The style is an integer that we set according to the check boxes. It
starts as a 0, indicating "plain," and we add into it according to
other styles that we want. Font.ITALIC and
Font.BOLD are constants that indicate the styles used
here. We set the font size according to which of the radio buttons is
selected.
Once we have the font name, style, and size, we call the
setFont method on sampleField with the font
name, style, and size. This call changes some of the text field's
display characteristics. A call to sampleField.repaint
causes the text field to actually redisplay.
Given this we can see how the maze program is laid out. The top level MazeSolver.java simply creates the maze frame, sets its size and title, and makes it visible.
The work is done in MazeFrame.java.
This sets up the frame and the buttons. Note that the stepButton,
clearButton,
and readButton are local variables. That is because once they are
registered with a listener nothing more needs to be done with them. The
solveButton has to change its text (alternates between "Solve" and
"Pause") and the radio buttons need to be tested to see which is selected.

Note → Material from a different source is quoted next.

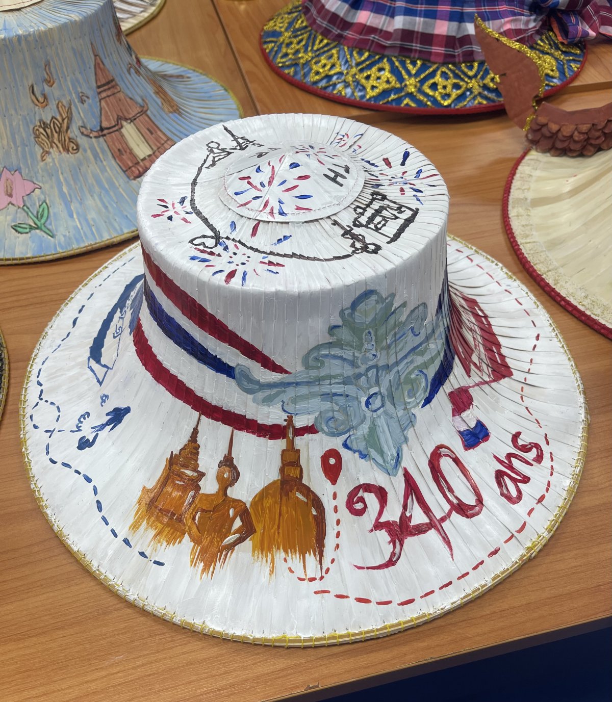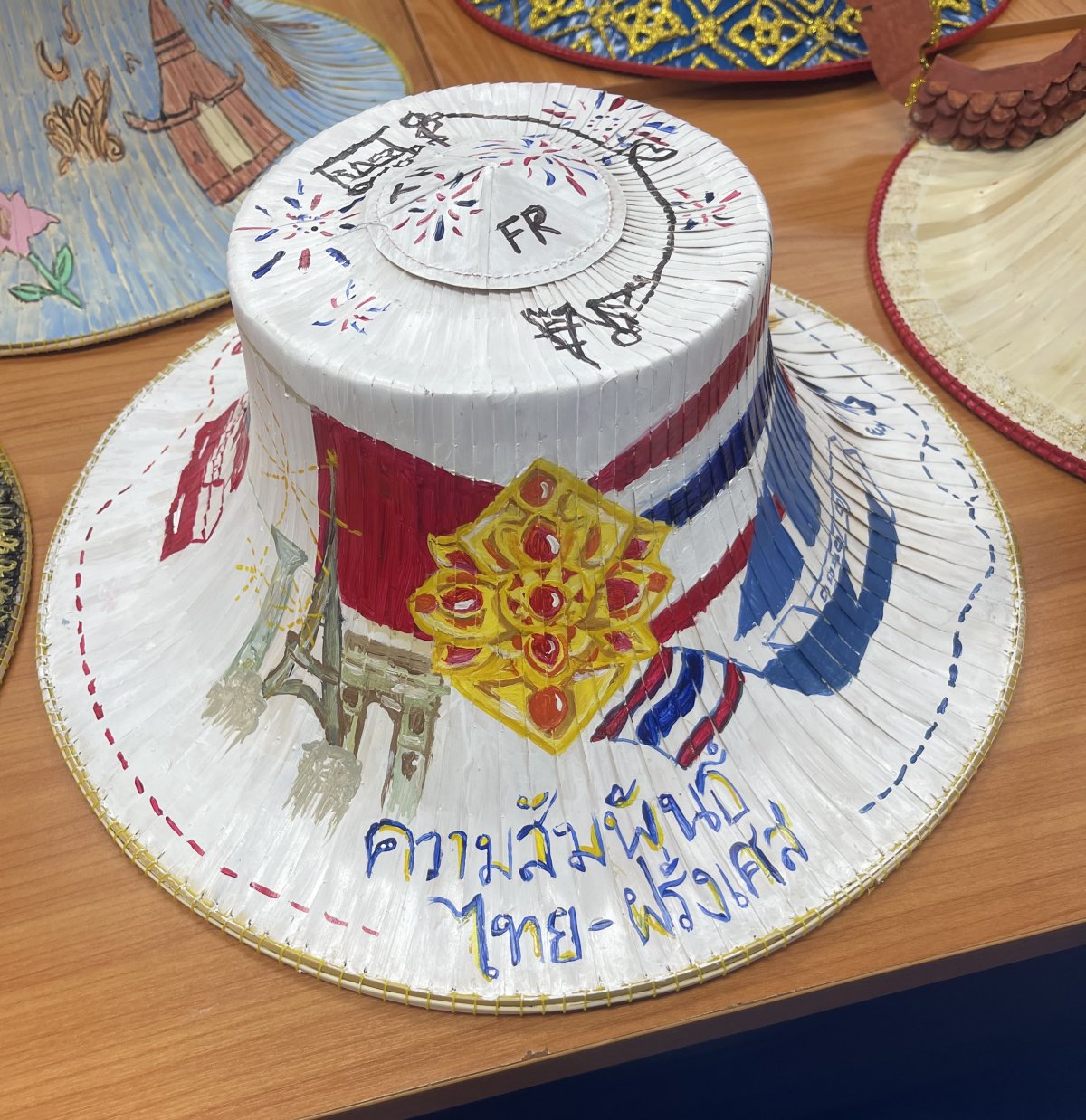 Plus de 60 duos d’enfants, accompagnés avec passion par leurs enseignants, ont répondu à l’appel. Chaque duo a peint un chapeau, mêlant couleurs, motifs et symboles pour raconter à sa manière cette histoire d’amitié franco-thaïlandaise. Et l’école s’est transformée, le temps d’un jour, en un véritable musée à ciel ouvert. Les rires fusaient, les mains s’agitaient, les regards brillaient, un moment suspendu, d’une beauté rare.

Therefore they are instance variables. The button layouts are very similar
to ones we have seen before, so I will let you read them on your own.

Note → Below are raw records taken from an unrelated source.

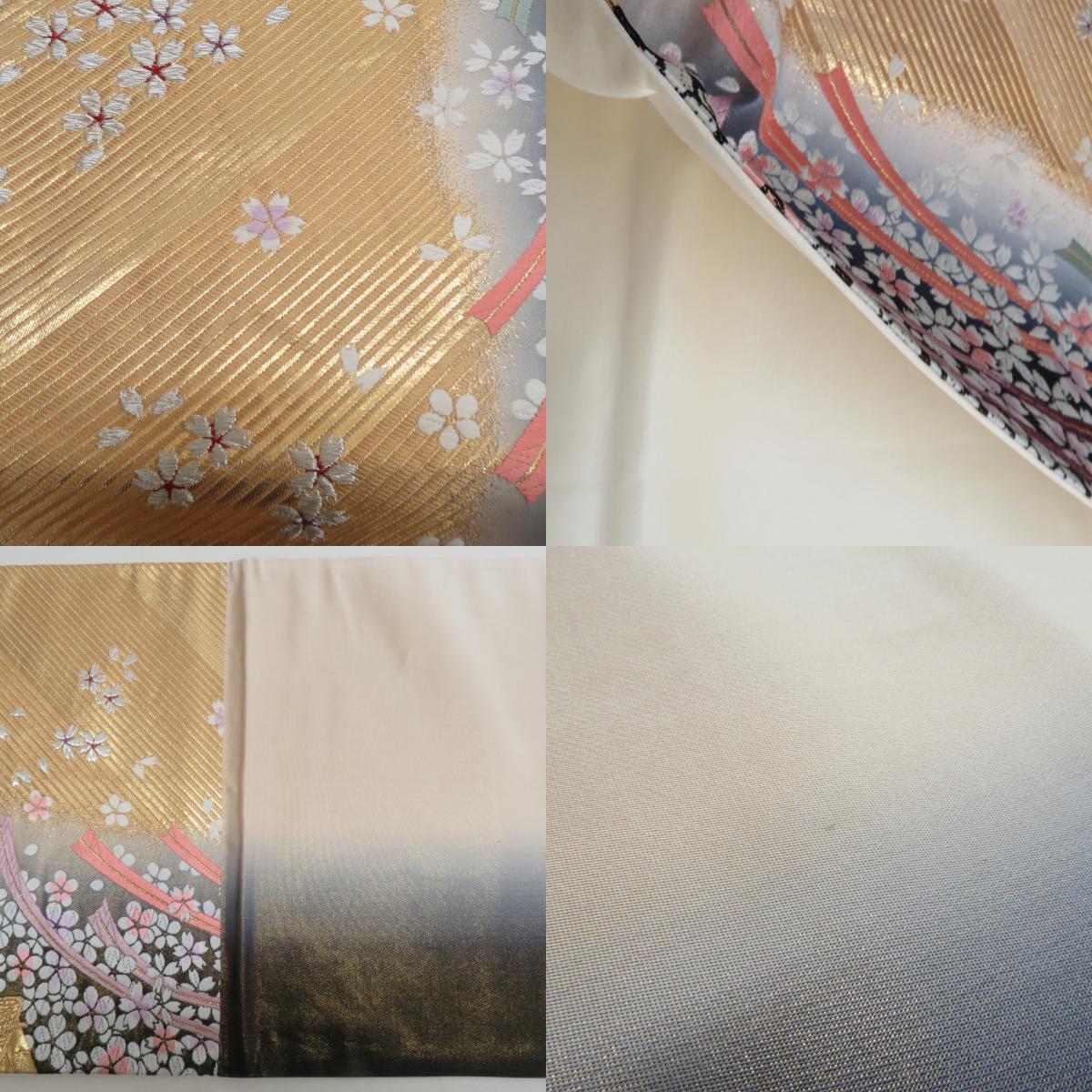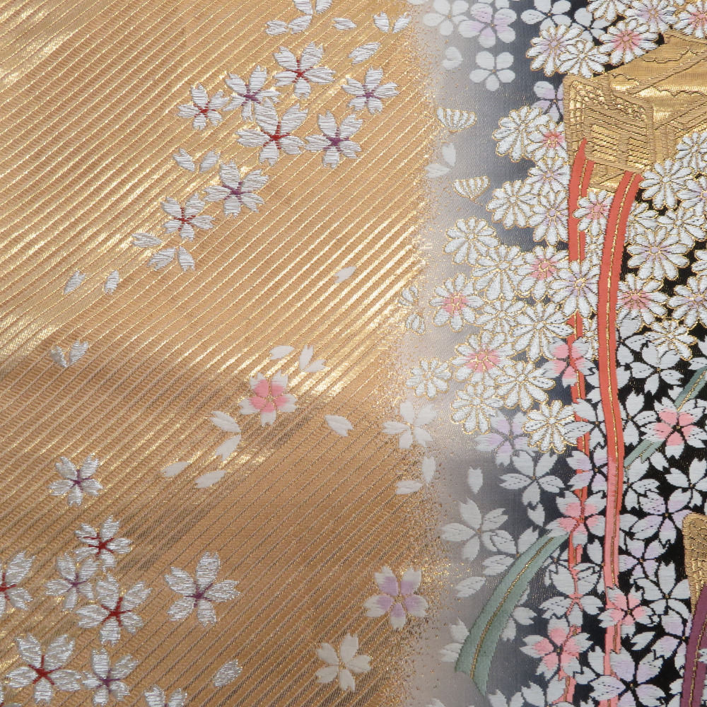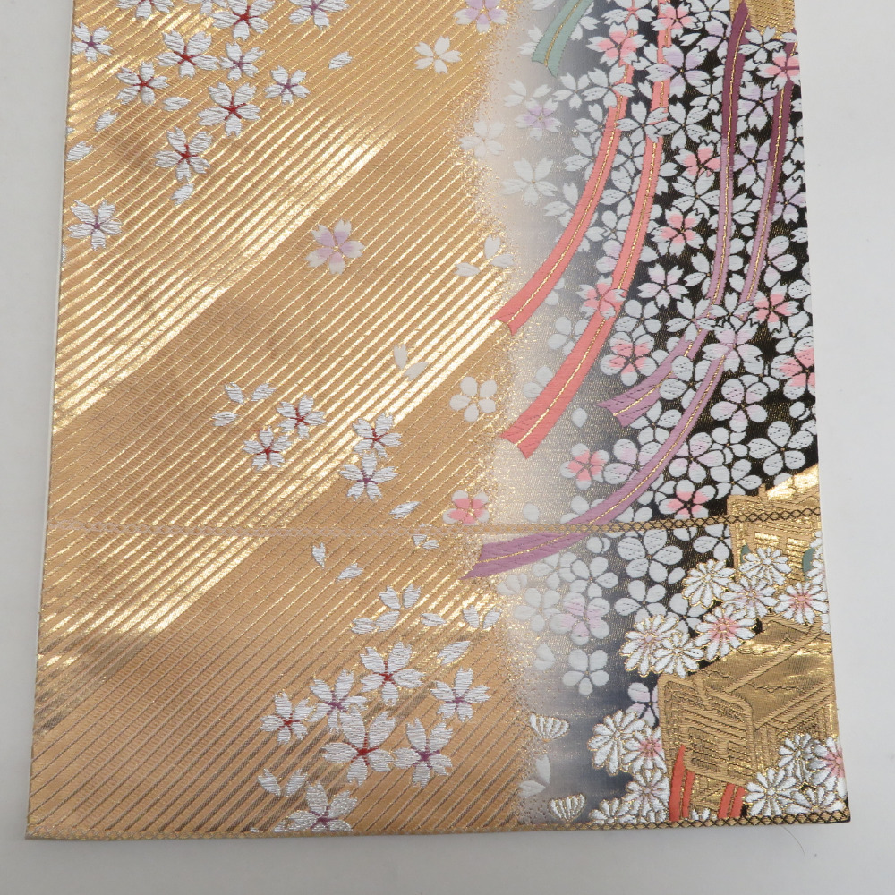 | 袋帯 振袖用 金色x灰色 御所車に小桜文様 六通柄 正絹 仕立て上がり 着物帯 長さ424cm |
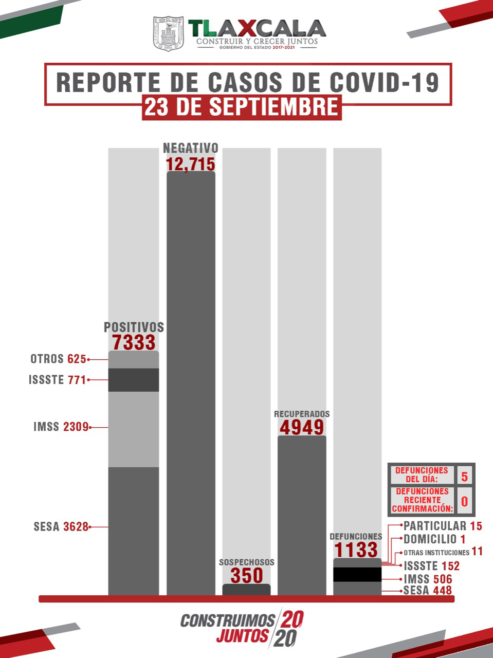 De acuerdo con el reporte del 23 de septiembre, la Secretaría de Salud del Estado (SESA) confirmó 49 personas recuperadas, 5 fallecimientos y 31 casos positivos de Covid-19 de tlaxcaltecas identificados en el estado y 7 en otras entidades.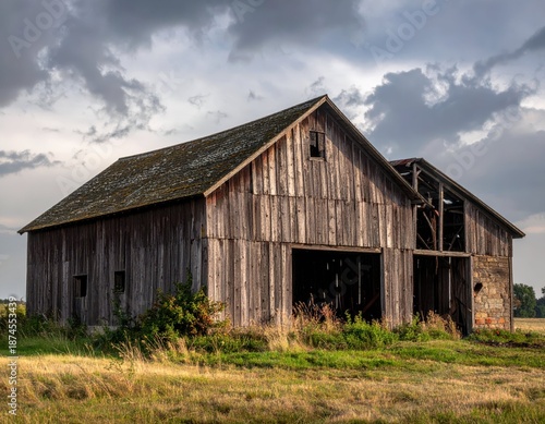 Rustic Barn in a Countryside Landscape Under Dramatic Cloudy Sky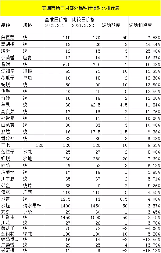 事實(shí)上,除了亳州藥材市場(chǎng),安國(guó)藥市也有多種品種行情上揚(yáng)。例如草果、郁金、黑胡椒、白豆蔻等。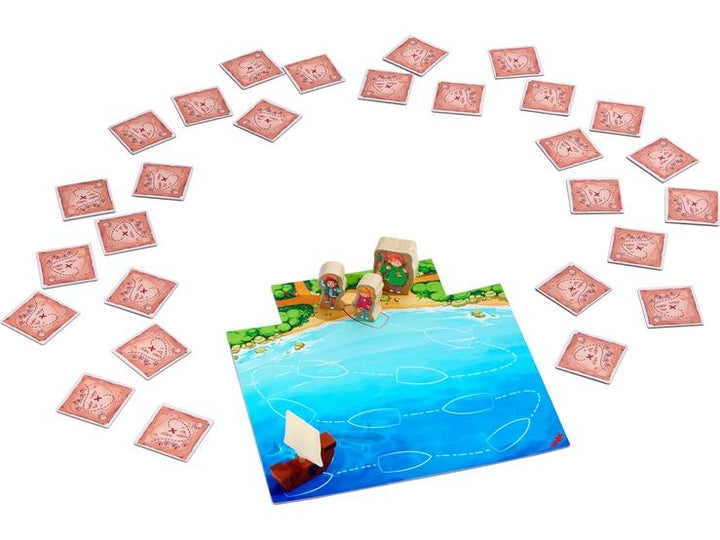 Karuba Junior is a cooperative tile-placement adventure game in which players search for treasures in the jungle on the island of Karuba with three brave adventurers. Will you manage to place the path tiles so that you reach all the treasures before the mean pirates raid the island? You need to work together and be careful of tigers that block the paths. With skill and a bit of luck, you'll be faster than the pirates! 1. Turn over tiles and build paths 2. Find the treasures 3. Be faster than the pirates and don't lose the way in the jungle

The listeners are worth looking at. The StepListener does
the work of actually performing a step in the maze. It is used by both the
Timer and the stepButton. If the maze is solved
it turns off the timer and sets the label on the solveButton to
Solve. If not, it calls maze.stepMaze() to do one more step
in solving the maze.
SolveListener is
used to handle the solveButton. It toggles the label on the
button and the state of the timer (if on, then turns it off, and vise versa).
The ReadListener reads a new maze and creates it. The
RadioListener creates a new maze, with createMaze
looking at the radio buttons. Creating a new maze is what we want to do
when we clear the maze, so this works for the clearButton also.
The createMaze method sets up a new maze. It creates the
correct type of sequencer. (Remember a sequencer is basically an abstract queue -
it can add items and get the next item.) It makes a maze from the text representation
that has been read in (or does nothing if no text has been read or it has an error).
It passes this maze on to the mazeCanvas and repaints.
The mazeCanvas holds a MazePanel.java,
which basically draws the current maze. The code for display figures out
the square size and the position of the upper left hand corner, and it draws each square
in the appropriate color.
Maze.java both initializes the maze in its
constructor and performs a step of solving the maze in stepMaze.
Method stepMaze is where the virutal graph is explored. It calls the
current sequencer to get the next
maze square to be processed. If the square to be processed is the target it traces back the path,
marking each square as on the final path. If not, and the square was not explored,
it tries to add each of its four potential
neighbors to the sequencer (if they exist and are either empty or the target) and marks
the current square as explored. This will prevent it from being explored again later.
The actual code for solving the maze would have been simpler if we were not creating an interactive GUI. The GUI requires spreading the solution out, separating out the code for taking a step and making it act on the current "state" of the maze. This step code would normally be part of a loop. But here the loop is provided by the GUI, either via the Step button or repeated calls from the Timer after clicking Solve.